------ AVAILABLE RECORDS ------

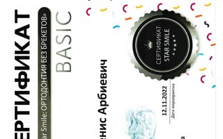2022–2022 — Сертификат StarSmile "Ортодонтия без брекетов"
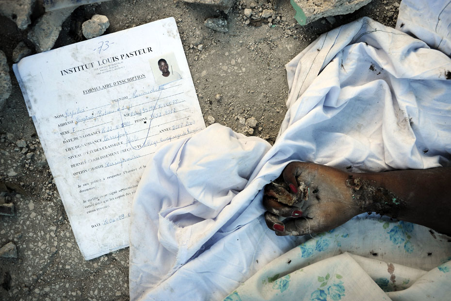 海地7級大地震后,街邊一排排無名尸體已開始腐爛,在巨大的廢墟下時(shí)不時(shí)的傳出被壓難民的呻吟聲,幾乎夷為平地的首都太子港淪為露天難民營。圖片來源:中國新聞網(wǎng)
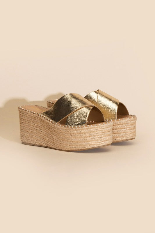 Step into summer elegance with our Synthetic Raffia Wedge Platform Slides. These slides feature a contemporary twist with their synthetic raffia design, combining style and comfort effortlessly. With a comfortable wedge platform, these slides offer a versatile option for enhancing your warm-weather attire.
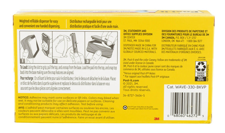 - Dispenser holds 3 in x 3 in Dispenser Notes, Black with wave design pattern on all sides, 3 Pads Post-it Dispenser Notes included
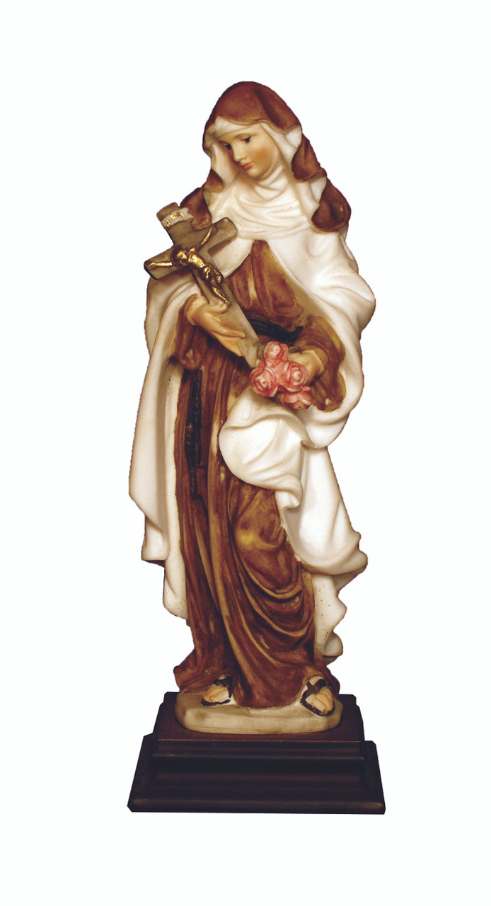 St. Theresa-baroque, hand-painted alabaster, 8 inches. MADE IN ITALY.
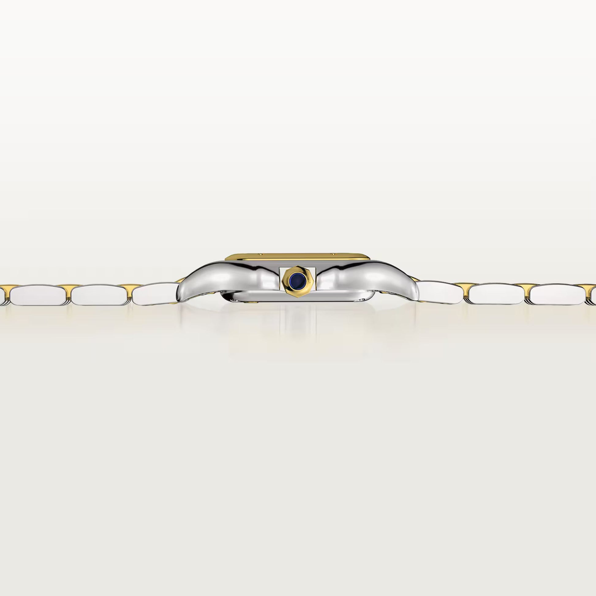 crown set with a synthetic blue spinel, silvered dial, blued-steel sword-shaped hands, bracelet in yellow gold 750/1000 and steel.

------
------ AVAILABLE RECORDS ------

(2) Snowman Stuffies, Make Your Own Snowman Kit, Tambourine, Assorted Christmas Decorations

------

WHAT IS EXPECTED: Reproduce word for word, with pictures dropped, only the part of the material above that opens with the line containing "海地7級大地震后,街邊一排排" and closes with the line containing "crown set with".

REPLY:
 海地7級大地震后,街邊一排排無名尸體已開始腐爛,在巨大的廢墟下時(shí)不時(shí)的傳出被壓難民的呻吟聲,幾乎夷為平地的首都太子港淪為露天難民營。圖片來源:中國新聞網(wǎng)
 Step into summer elegance with our Synthetic Raffia Wedge Platform Slides. These slides feature a contemporary twist with their synthetic raffia design, combining style and comfort effortlessly. With a comfortable wedge platform, these slides offer a versatile option for enhancing your warm-weather attire.
 - Dispenser holds 3 in x 3 in Dispenser Notes, Black with wave design pattern on all sides, 3 Pads Post-it Dispenser Notes included
 St. Theresa-baroque, hand-painted alabaster, 8 inches. MADE IN ITALY.
 crown set with a synthetic blue spinel, silvered dial, blued-steel sword-shaped hands, bracelet in yellow gold 750/1000 and steel.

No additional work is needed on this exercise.